* [Task goal]: In the entries below, the lines from the one with "松阪市の池田さんら二人で出船" through the one with "Čepel s Full" are to be copied exactly; both ends count.

* [Material for this task]:

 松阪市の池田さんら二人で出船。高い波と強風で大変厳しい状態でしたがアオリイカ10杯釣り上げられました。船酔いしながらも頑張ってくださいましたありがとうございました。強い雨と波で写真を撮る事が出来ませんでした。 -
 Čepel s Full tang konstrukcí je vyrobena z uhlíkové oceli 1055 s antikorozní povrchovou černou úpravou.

==

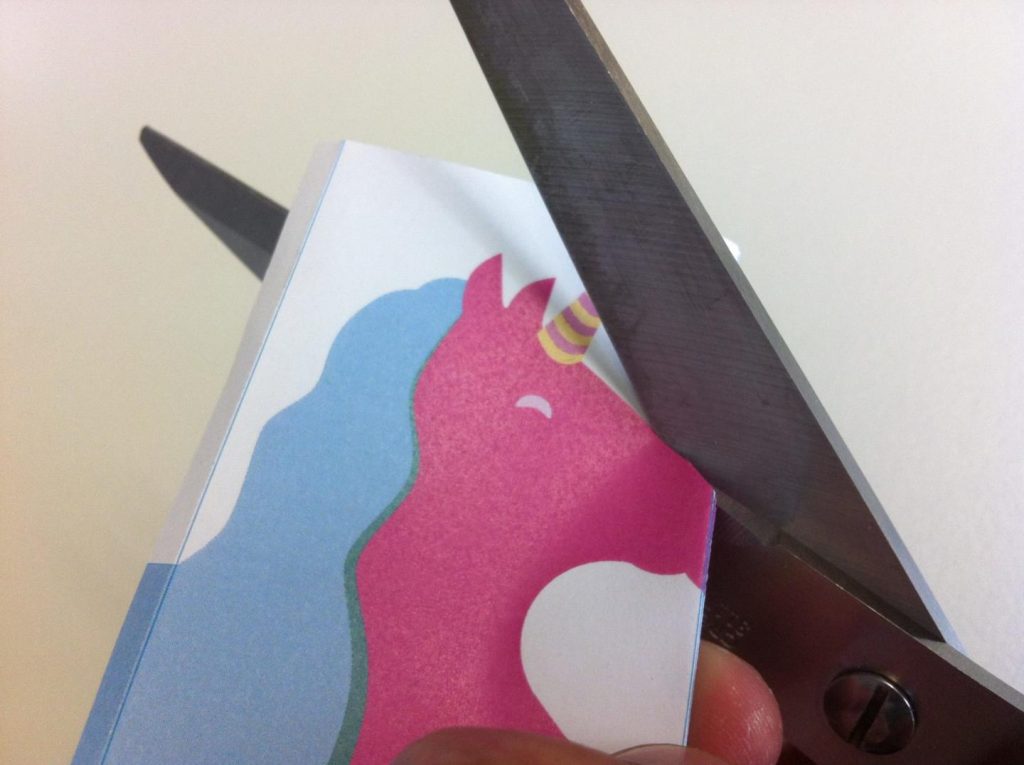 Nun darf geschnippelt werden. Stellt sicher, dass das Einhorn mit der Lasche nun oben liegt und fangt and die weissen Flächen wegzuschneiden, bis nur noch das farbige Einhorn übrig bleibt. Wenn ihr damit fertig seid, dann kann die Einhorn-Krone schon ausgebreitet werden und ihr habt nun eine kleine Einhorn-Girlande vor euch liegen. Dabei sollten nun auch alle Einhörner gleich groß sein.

* [Task answer]:
 松阪市の池田さんら二人で出船。高い波と強風で大変厳しい状態でしたがアオリイカ10杯釣り上げられました。船酔いしながらも頑張ってくださいましたありがとうございました。強い雨と波で写真を撮る事が出来ませんでした。 -
 Čepel s Full tang konstrukcí je vyrobena z uhlíkové oceli 1055 s antikorozní povrchovou černou úpravou.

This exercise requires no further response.